This guidebook should be used only during the initial response phase of an incident (first 30 minutes). For the guide to be the greatest benefit to responders, they need to become thoroughly familiar with it before it is used during an emergency. Within the guide are white pages that explain how the book is organized, and includes first-response tips for emergency agencies.

Terrorism Response

The 380-page ERG is divided into four major color-coded sections: yellow, blue, orange and green. It contains a placard chart; numerical and alphabetical listings; action guides; protective action distances; water-reactive materials; protective clothing; a glossary; and miscellaneous information. New sections covered in the 2000 ERG include railroad car and highway tanker identification charts, Intermodal Container Hazard Identification Codes and Criminal/Terrorist Use of Chemical/ Biological Agents sections.

The new ERG is 26 pages bigger than the 1996 edition. Three pages of information on chemical and biological agents that may be used during terrorist incidents have been added. The yellow and blue sections each contain three new pages. The yellow section, which starts on page 25, contains a numerical listing of United Nations four-digit identification numbers. These numbers are located in the center of placards on vehicles transporting bulk quantities of hazardous materials. Once the four-digit number is located in the yellow section, a reference is made to an action guide in the orange section. This action guide is identified with a three-digit number that appears at the top of the page.

Some three-digit numbers in the yellow and blue sections of the guide may be followed by a “P.” This indicates that in addition to any other hazards the material may pose, it may undergo polymerization, which can be a violent explosive reaction. Polymerization information is the same for both the blue and yellow sections.

If a placard or label is displayed, but the four-digit number is unavailable and the name of the material is unknown, refer to the table of placards on pages 16 and 17. The table shows some new placards used under the DOT regulations that were not shown in the 1996 guidebook, along with some placards used in Canada and Mexico. In a circle next to each placard is an action guide number from the orange section. When a “Dangerous” placard is used, turn to guide 111 for mixed loads or unidentified cargo.

Orange action guides are grouped by hazard class and any special circumstances surrounding the shipment. A list of hazard classes is on page 13. This list corresponds with the placard table. Some classifications differ from what responders may be used to. For example, the Canadian system uses a fourth compressed-gas subdivision, 2.4 corrosive gases; DOT’s placarding and labeling system only identifies the most severe hazard of a material as determined by the agency, so the placard shows only one hazard class.

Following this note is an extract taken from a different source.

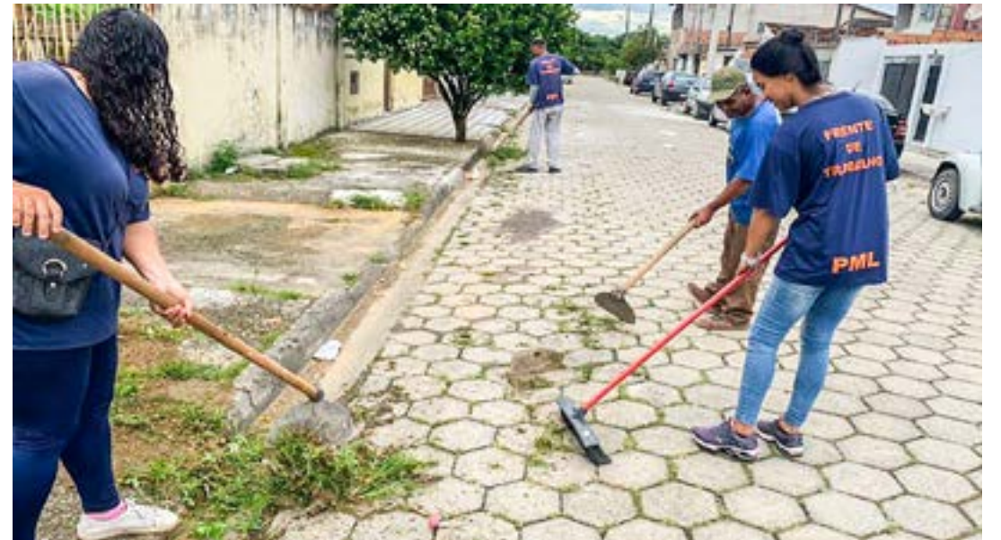
Serviços prestados pela Frente de Trabalho em limpeza das ruas de Lorena; nova fase convoca 126 pessoas
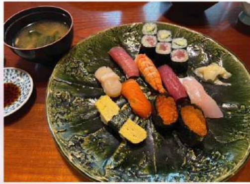
Omakase 廚師發辦時令壽司

Almost all hazardous materials can present more than one hazard. Responders should be aware of this and prepare for “hidden hazards.” (The author of this column has designed a “Placard Hazard Chart” that lists potential hidden hazards of placarded and labeled materials. See the contact information at the end of this column.)

Identifying Cargoes

New pages have been added to the 2000 ERG with silhouettes of railcars and highway transportation vehicles. In a circle next to individual railcars and highway vehicles is a three-digit orange guide number that can be used if that type of container is involved in an incident and no other information is available. A “Rail Car Identification Chart” is on page 18 and a “Road Trailer Identification Chart” is on page 19. Alphabetical listings of materials found in the yellow section are located in the blue section starting on page 105. This section is used only if the name of the hazardous material is known. Both the yellow and blue sections list chemicals not contained in the 1996 guidebook. When a material listed in the yellow or blue section is highlighted, initial isolation and protective-action distances are listed in the green section, starting on page 318. Evacuation distances listed in the green section are used only if the material is not on fire. For a material that is on fire, evacuation distances are listed in the orange section.

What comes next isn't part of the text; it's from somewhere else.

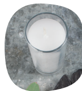
1 sklenice se svíčkou
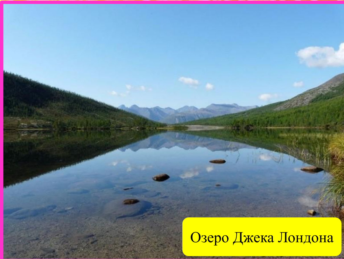
Озеро Джека Лондона

Dangerous water-reactive materials are listed at the end of the green section. The 2000 ERG has added two new protective action information sheets to the water-reactives section between pages 360 and 363. These listings should be used only when materials are spilled in water or firefighting will cause a water reaction.

Types of toxic vapor(s) released in a water reaction with listed water-reactive materials are identified in this section. Many water reactions also produce heat and may be violent. Heat produced from a water reaction may be enough to ignite ordinary combustible materials. Names of the toxic vapors released from a water reaction must be researched in the blue and green sections for general information as well as isolation and evacuation distances.

Protective Action Guides

Protective action guides numbered from 111 to 172 start on page 186. Each protective action guide provides procedures designed to preserve the health and safety of the public and emergency responders during the initial stages of a hazmat incident. Guide 111 is the first guide in the orange section and is used for Mixed Loads or Unidentified Cargoes. Subsequent guides deal with each of the nine UN hazard classes: explosives, compressed gases, flammable liquids, flammable solids, oxidizers, poisons, radioactives, corrosives and miscellaneous hazardous materials.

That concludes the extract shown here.